> [Required action]
Only the lines below from the one containing "Fig. 2. Molo Adamich, 1910" through the one containing "Svømning på åbent" belong in the answer, repeated exactly and without pictures.
════════
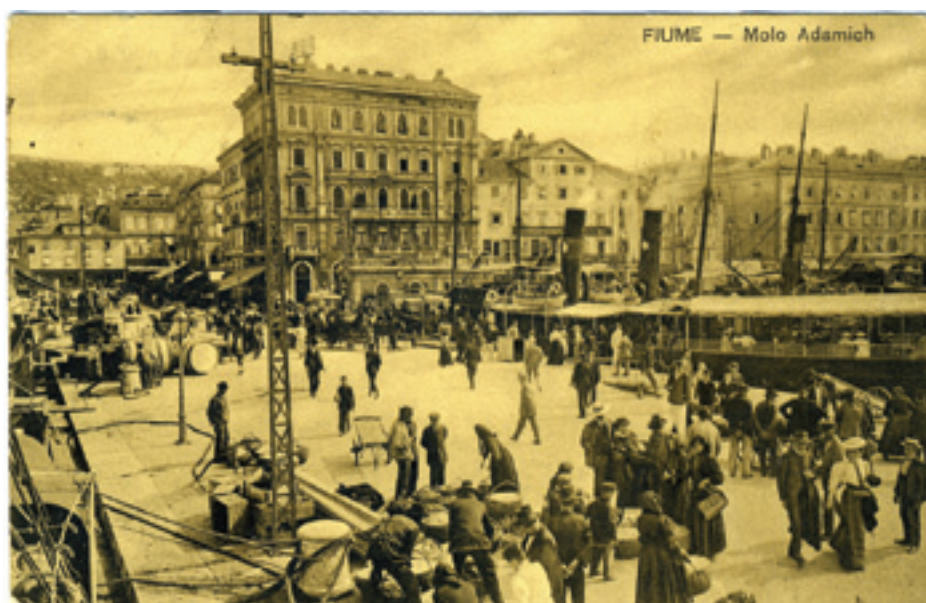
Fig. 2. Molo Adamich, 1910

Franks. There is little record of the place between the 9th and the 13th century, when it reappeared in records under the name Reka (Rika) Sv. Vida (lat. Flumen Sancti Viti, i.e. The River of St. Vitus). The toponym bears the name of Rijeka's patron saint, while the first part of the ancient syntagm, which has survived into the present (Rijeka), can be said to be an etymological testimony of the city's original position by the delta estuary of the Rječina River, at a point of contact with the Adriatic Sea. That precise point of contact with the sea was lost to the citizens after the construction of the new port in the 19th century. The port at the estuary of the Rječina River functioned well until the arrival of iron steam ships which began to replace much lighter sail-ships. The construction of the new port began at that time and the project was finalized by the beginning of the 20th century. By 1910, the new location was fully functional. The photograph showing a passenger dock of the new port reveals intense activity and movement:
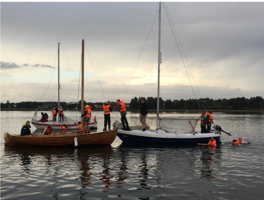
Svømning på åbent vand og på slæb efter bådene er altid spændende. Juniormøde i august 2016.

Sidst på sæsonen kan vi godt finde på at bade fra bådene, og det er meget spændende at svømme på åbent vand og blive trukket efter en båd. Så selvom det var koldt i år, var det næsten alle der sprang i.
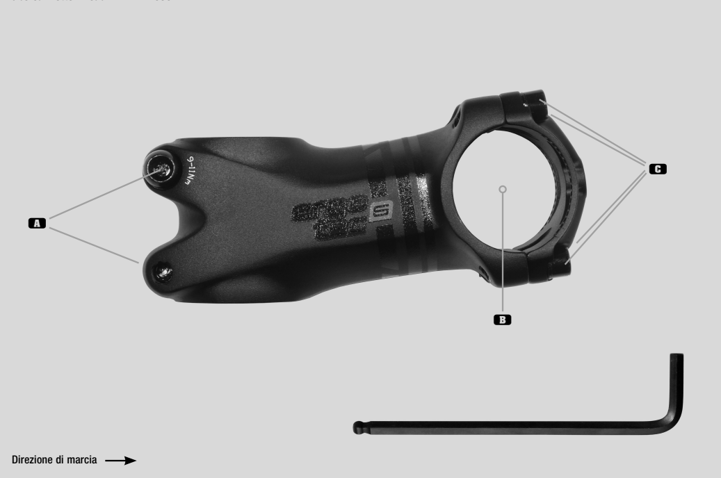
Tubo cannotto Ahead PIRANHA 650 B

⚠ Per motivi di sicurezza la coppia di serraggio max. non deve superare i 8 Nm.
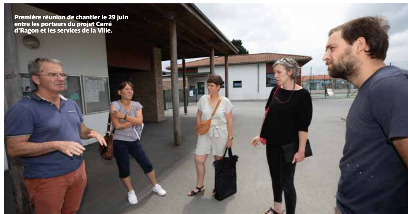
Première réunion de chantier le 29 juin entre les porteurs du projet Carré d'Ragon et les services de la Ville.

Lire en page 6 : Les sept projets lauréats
════════
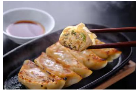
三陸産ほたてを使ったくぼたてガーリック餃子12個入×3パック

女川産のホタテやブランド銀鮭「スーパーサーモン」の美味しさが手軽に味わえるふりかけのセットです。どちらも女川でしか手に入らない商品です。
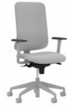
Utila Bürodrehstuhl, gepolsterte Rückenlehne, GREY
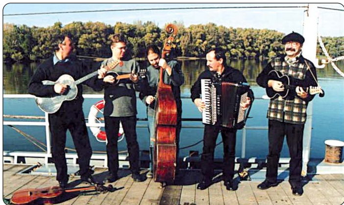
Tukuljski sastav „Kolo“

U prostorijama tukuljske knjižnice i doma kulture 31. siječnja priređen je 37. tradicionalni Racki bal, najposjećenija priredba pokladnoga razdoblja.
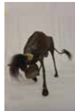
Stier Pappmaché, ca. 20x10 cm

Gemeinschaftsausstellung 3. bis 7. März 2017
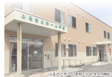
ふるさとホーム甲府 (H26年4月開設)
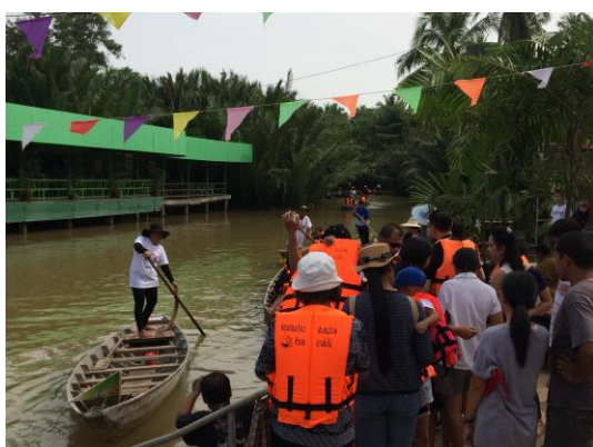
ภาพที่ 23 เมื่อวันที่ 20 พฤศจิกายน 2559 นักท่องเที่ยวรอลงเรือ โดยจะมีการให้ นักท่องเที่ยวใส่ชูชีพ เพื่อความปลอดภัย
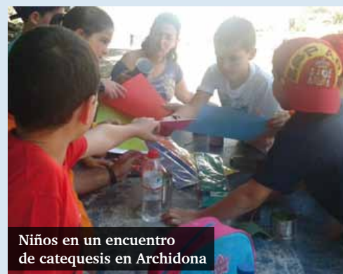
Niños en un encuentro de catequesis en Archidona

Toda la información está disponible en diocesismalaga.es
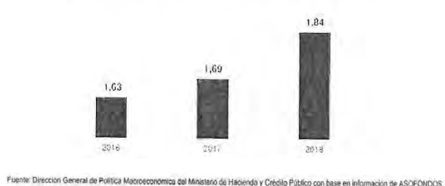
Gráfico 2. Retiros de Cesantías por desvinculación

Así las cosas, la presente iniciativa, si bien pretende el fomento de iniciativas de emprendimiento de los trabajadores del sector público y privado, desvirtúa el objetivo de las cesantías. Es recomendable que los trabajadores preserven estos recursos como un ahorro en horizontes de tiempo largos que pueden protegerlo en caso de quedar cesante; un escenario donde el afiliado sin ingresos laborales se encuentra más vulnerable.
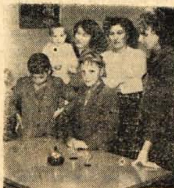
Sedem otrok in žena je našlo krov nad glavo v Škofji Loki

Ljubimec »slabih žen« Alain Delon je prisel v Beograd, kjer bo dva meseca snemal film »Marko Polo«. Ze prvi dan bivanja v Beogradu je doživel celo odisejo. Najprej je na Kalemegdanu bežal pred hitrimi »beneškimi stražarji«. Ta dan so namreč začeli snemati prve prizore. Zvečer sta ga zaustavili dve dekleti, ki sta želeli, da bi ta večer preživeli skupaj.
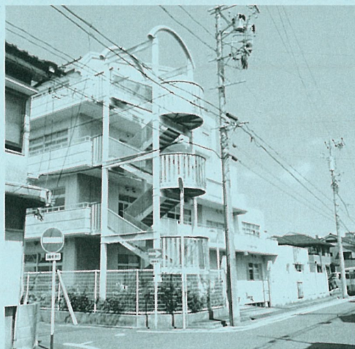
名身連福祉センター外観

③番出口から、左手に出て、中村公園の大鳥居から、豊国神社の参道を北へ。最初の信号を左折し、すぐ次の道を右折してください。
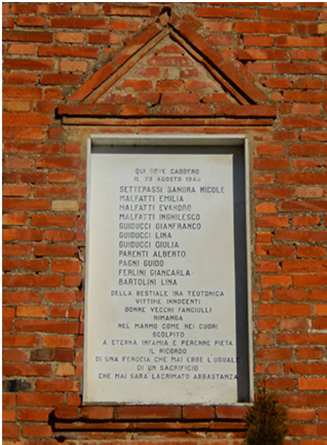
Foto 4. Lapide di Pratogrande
════════
> [Your response]
Fig. 2. Molo Adamich, 1910

Franks. There is little record of the place between the 9th and the 13th century, when it reappeared in records under the name Reka (Rika) Sv. Vida (lat. Flumen Sancti Viti, i.e. The River of St. Vitus). The toponym bears the name of Rijeka's patron saint, while the first part of the ancient syntagm, which has survived into the present (Rijeka), can be said to be an etymological testimony of the city's original position by the delta estuary of the Rječina River, at a point of contact with the Adriatic Sea. That precise point of contact with the sea was lost to the citizens after the construction of the new port in the 19th century. The port at the estuary of the Rječina River functioned well until the arrival of iron steam ships which began to replace much lighter sail-ships. The construction of the new port began at that time and the project was finalized by the beginning of the 20th century. By 1910, the new location was fully functional. The photograph showing a passenger dock of the new port reveals intense activity and movement:
Svømning på åbent vand og på slæb efter bådene er altid spændende. Juniormøde i august 2016.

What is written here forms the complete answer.